About this exercise — All lines holding the string "supply" should be copied from the data below.
--------------------------------
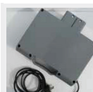
Power supply kit case

The new ultra-compact scrubber dryer Rolly 11 is the right answer to the professional cleaning demand. Comfort in narrow spaces, where no one arrives: - 11 liters of tank capacity, its dimensions, combined with a special handle (patented) and swivel wheels allow Rolly to go and work in small areas. Top cleaning and drying results: - the cylindrical brush deck, with three different down pressure adjustable by knob, against every kind of dirt: - an unbelievable alternate twin squeegee system (patented), for top drying results and optimized consumptions at the same time; - low noise level (only 54 dbA), perfect for day cleaning and in all the environments (hospitals, resthomes, schools...) where silence is a must. A start & go machine No training required, everybody can use Rolly: - all the main functions can be managed by the intuitive control panel; - coloured levers and knobs clearly help the user preparing the machine for work or while using it; - effortless maintenance. Rolly 11 E 33 is the electric version, with a standard power supply kit case and a 15 meters cable.
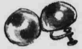
Pearl Earrings 1.95 upward

From our wonderful collections for the Ball! !
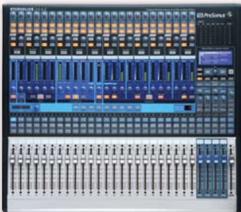
PreSonus StudioLive 24.4.2 pg. 284
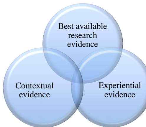
Figure I. Evidence-Based Practice

So-informed, implementation of these efforts can then unfold clear intervention logics and measurement practices that provide data to monitor, evaluate and learn from their implementation, outputs and outcomes and eventually, to explore impacts.
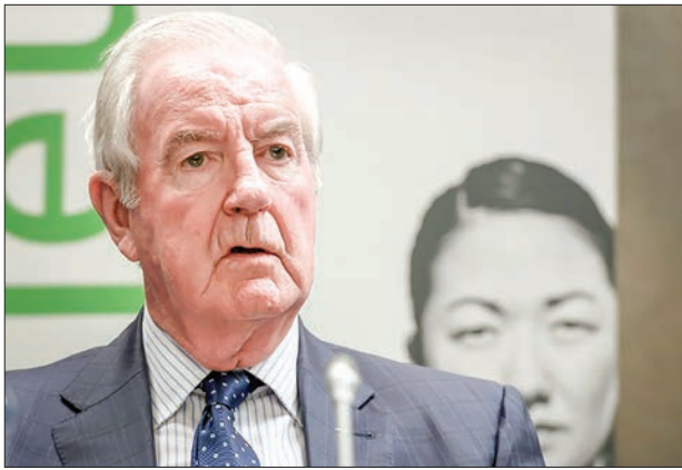
Outgoing WADA President Craig Reedie says the Russian doping crisis is the biggest challenge he has faced in his six years at the helm of the anti-doping agency.
--------------------------------
Response to this task —
Power supply kit case
The new ultra-compact scrubber dryer Rolly 11 is the right answer to the professional cleaning demand. Comfort in narrow spaces, where no one arrives: - 11 liters of tank capacity, its dimensions, combined with a special handle (patented) and swivel wheels allow Rolly to go and work in small areas. Top cleaning and drying results: - the cylindrical brush deck, with three different down pressure adjustable by knob, against every kind of dirt: - an unbelievable alternate twin squeegee system (patented), for top drying results and optimized consumptions at the same time; - low noise level (only 54 dbA), perfect for day cleaning and in all the environments (hospitals, resthomes, schools...) where silence is a must. A start & go machine No training required, everybody can use Rolly: - all the main functions can be managed by the intuitive control panel; - coloured levers and knobs clearly help the user preparing the machine for work or while using it; - effortless maintenance. Rolly 11 E 33 is the electric version, with a standard power supply kit case and a 15 meters cable.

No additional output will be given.